You know, one of the interesting trends in China has been where the economic growth has been and where it’s going to be and there’s sort of three broad geographies in China that sometimes people use -- the coastal, central, and west. And right now, 75%, roughly 75% of our units are in the coastal area and 25% are in the central and west. The population has 50% coastal area and 50% in the central and west combined. And what we expect to do is to continue to have more development in the central and west parts of the business, both new unit development and my guess is same-store sales may trend that way too. Obviously it depends on our development pace.

As an example though, while central and west are only 25% of our existing units and 50% of the population, in 2009 we’ve shifted so that now they are almost 40% of our new unit development. So what we are able to do because we are in 550 cities is we are able to take advantage of the higher growth in the west and central, so I think that is sort of probably the trend that we are going to be pushing in China over the next several years, taking advantage of what we think is going to happen to their economy.

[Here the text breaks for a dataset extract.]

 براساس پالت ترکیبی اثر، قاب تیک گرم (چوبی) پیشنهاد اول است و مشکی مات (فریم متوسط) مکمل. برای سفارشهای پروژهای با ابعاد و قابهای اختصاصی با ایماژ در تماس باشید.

Steven Kron - Goldman Sachs

Okay, that’s helpful. And then one question on the U.S. on Pizza Hut -- clearly a challenging quarter. I know you guys are very much looking forward to going national with the Wing Street launch later in the second half. You do have Wing Street I think in nearly 2,000 stores at this point. Is there any notable difference between the comp trends in those stores that have the Wing Streets versus those that do not?

David C. Novak

Well, I think that -- I don’t think we have a significant difference in the comps on an ongoing basis but the mix continues to be solid on the Wing Street stores. What we do see is we do obviously when we introduce Wing Street, it does provide a lift. We are very bullish about the strategy that we have at Pizza Hut to move beyond pizza to include both pasta and Wing Street. You know, we really believe that that extra variety is going to give us an opportunity to change an overall category that’s been pretty sluggish the last 10 years.

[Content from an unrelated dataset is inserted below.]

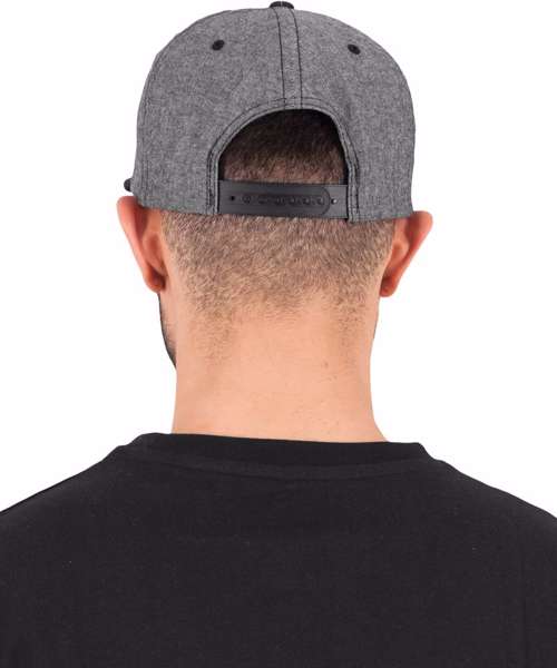 The chambray-suede effect gives this snapback an elevated style. The 6-panel cap with matching under visor features subtle details such as contrast eyelets and button and a tonal plastic snap.

We’ve got a great asset base that is under-leveraged and we think with the combination of the pasta and the chicken to go along with our pizza, we are going to have many more weapons in our arsenal to get the sales and bring in new occasions over the long-term. The big challenge that we have is to build awareness of these new segments and to drive incremental occasions, which we are working very hard to get done.

Steven Kron - Goldman Sachs

Okay, I’ll just sneak one last one in there as a follow-up to the commodity question -- Rick, what you laid out for the second half for China in the U.S., the favorability, is the third quarter or the fourth quarter going to be the quarter which sees the disproportionate benefit? Thanks.

Richard T. Carucci

Right now our estimate is the third quarter will have more of the benefit.

Steven Kron - Goldman Sachs

Okay. Thank you.

Tim Jerzyk

That’s true for the U.S. and China. Rachel, next question, please.

Operator

Your next question comes from the line of Mitch Speiser with Buckingham Research.

Mitchell J. Speiser - Buckingham Research

Thanks very much. A few questions -- first in China, can you give us a sense of how the KFC business did versus the Pizza Hut business in terms of same-store sales in the quarter?

Richard T. Carucci

Pizza Hut performed better than KFC did in the second quarter.

Mitchell J. Speiser - Buckingham Research

Okay. And separately, I think your U.S. margin guidance, you did about 155 basis points of margin expansion I believe in the first half in the U.S. You’re saying I think at least one point in the second half. That does imply less margin expansion in the back half of ’09. I’m just wondering if you can comment maybe on some of the things that might make margin expansion less so in the second half versus the first half.

Richard T. Carucci

In the fourth quarter, we’ll start to get less benefit from pricing. As a reminder, in 2008 we took pricing continually through the year and so by the fourth quarter, most of it had been taken by the fourth quarter so the rollover on pricing diminishes in the fourth quarter of this year.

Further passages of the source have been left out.